We are excited to share an upcoming improvement in search quality: Moveworks AI Assistant will now be able to better answer questions from long KB articles with the help of an improved chunking algorithm that handles long articles better.
This change will be rolled out gradually to all customers and expected to available for all customers in all regions by Thursday, December 18.
What problem are we addressing?
We are improving search performance on documents that contain very long chunks, which are Moveworks-extracted sub-parts of the article.
“Chunking” is an important part of processing KB articles or web format documents (it is also sometimes referred to as “snippetization” in Moveworks terminology), which breaks down every article into smaller parts when it is ingested.
Every chunk is converted into an embedding, which is a semantic representation of the text that captures what the chunk is about, and this enables Moveworks Search to precisely match the specific part of an article that is relevant to a user’s question, and also allows the AI Assistant to surface that part in a citation if it is used the response. This is the underpinning of our semantic search capabilities.
Moveworks uses HTML headers to divide KB articles into chunks. While this results in a mostly even distribution of chunks with moderate sizes, sometimes the individual chunks could be as long as 1000 words if the chunking occurs at a different header level, or if the document does not have consistent use of headers.
Embeddings generated from such large chunks of text are in general less effective than smaller, more focused chunks because they contain too much text for the embeddings to precisely capture the essence of the content, and hence, the signal they create is too diffuse to be precisely matched to a specific question.
How does this change solve the problem?
We want to ensure that every chunk created is of an optimal size, while also preserving the benefits of using headers to divide the document.
Consequently, we have implemented a target maximum limit on the size of each chunk, which is 256 tokens (about 200 words).

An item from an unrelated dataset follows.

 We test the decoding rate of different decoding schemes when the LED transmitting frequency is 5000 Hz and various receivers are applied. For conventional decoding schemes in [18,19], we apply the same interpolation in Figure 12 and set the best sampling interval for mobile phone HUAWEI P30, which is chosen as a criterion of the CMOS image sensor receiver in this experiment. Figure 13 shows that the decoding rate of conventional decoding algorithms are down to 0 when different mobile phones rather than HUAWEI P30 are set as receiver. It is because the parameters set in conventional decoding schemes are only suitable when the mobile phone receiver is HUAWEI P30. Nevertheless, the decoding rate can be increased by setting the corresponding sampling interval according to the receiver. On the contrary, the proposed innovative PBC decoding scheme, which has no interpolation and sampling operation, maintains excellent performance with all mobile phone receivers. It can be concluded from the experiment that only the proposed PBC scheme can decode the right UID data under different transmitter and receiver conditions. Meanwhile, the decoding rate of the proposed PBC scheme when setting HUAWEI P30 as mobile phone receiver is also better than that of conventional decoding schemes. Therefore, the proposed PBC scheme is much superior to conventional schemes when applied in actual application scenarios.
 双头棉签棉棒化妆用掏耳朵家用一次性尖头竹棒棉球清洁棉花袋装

The exceptions to this are for scenarios where a larger chunk is useful to retain:
- If a paragraph has less than 512 tokens, it won’t be split.

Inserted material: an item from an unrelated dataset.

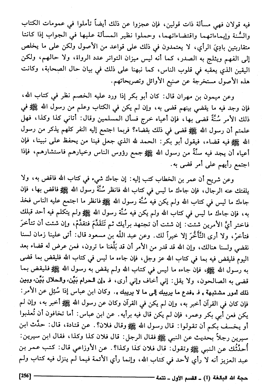وَعَن شُرَيْح أَن عمر بن الْخطاب كتب إِلَيْهِ إِن جَاءَك شَيْء فِي كتاب الله فَاقْض بِهِ، وَلَا يلفتك عَنهُ الرِّجَال، فَإِن جَاءَك مَا لَيْسَ فِي كتاب الله، فَانْظُر سنة رَسُول الله صَلَّى اللهُ عَلَيْهِ وَسَلَّمَ، فَاقْض بهَا، فَإِن جَاءَك مَا لَيْسَ فِي كتاب الله، وَلم يكن فِي سنة رَسُول الله صَلَّى اللهُ عَلَيْهِ وَسَلَّمَ، فَانْظُر مَا اجْتمع عَلَيْهِ النَّاس، فَخذ بِهِ، فَإِن جَاءَك مَا لَيْسَ فِي كتاب الله، وَلم يكن فِي سنة رَسُول الله صَلَّى اللهُ عَلَيْهِ وَسَلَّمَ، وَلم يتَكَلَّم فِيهِ أحد قبلك، فاختر أَي الْأَمريْنِ شِئْت إِن شِئْت أَن تجتهد بِرَأْيِك، ثمَّ تقدم، فَتقدم، وَإِن شِئْت أَن تتأخر، فَتَأَخر وَلَا أرى التَّأَخُّر إِلَّا خيرا لَك، وَعَن عبد الله بن مَسْعُود قَالَ: أَتَى علينا زمَان لسنا نقضي ولسنا هُنَالك، وَإِن الله قد قدر من الْأَمر أَن قد بلغنَا مَا ترَوْنَ، فَمن عرض لَهُ قَضَاء بعد الْيَوْم فليقض فِيهِ بِمَا فِي كتاب الله عز وَجل، فَإِن جَاءَهُ مَا لَيْسَ فِي كتاب الله فليقضى بِمَا قضى بِهِ رَسُول الله صَلَّى اللهُ عَلَيْهِ وَسَلَّمَ، فَإِن جَاءَك مَا لَيْسَ فِي كتاب الله، وَلم يقْض بِهِ رَسُول الله صَلَّى اللهُ عَلَيْهِ وَسَلَّمَ فليقض بِمَا قضى بِهِ الصالحون وَلَا يقل إِنِّي أَخَاف وَأَنِّي أرى " فَإِن الْحَرَام بَين، والحلال بَين، وَبَين ذَلِك أُمُور مشتبهة، فدع مَا يريبك إِلَى مَا لَا يريبك " وَكَانَ ابْن عَبَّاس إِذا سُئِلَ عَن الْأَمر فَإِن كَانَ فِي الْقُرْآن أخبر بِهِ، وَإِن لم يكن فِي الْقُرْآن وَكَانَ عَن رَسُول الله صَلَّى اللهُ عَلَيْهِ وَسَلَّمَ أخبر بِهِ

- If a list or table has less than 1024 tokens, it won’t be split.
With this change, you can still expect Moveworks to create chunks or snippets from KB articles along header boundaries as we have always done, but wherever this leads to excessively long chunks, the new chunking algorithm will create additional chunks, staying close to the target maximum size of 200 tokens per chunk.
What can users expect?
Users will see an improvement in performance on long articles! Additionally, you may see the exact chunks or snippets that are cited may have different text from earlier, and in some cases, you may also see more cited chunks.
Does this change Moveworks’ recommendations for writing KB articles?
The high level guidelines are still relevant:
- You should still continue to use consistent header styles
- If the snippetization occurs at a higher header level, then Moveworks will create “right-sized” snippets by supplementing header-based snippets with further chunking, in case those chunks are too big
So in essence, while header styles are still important, our chunking will handle certain kinds of exceptions more gracefully than before.
When will this update be available?
This change will be rolled out gradually to all customers and expected to available for all customers in all regions by Thursday, December 18.
I saw a significant change in search performance for an article. What should I do?
Our evaluations show that for the vast majority of articles from our customers, this change will improve search performance. However, if you notice any degradation for a high priority article, please file a support ticket with the example utterance and expected article, and we will review your case.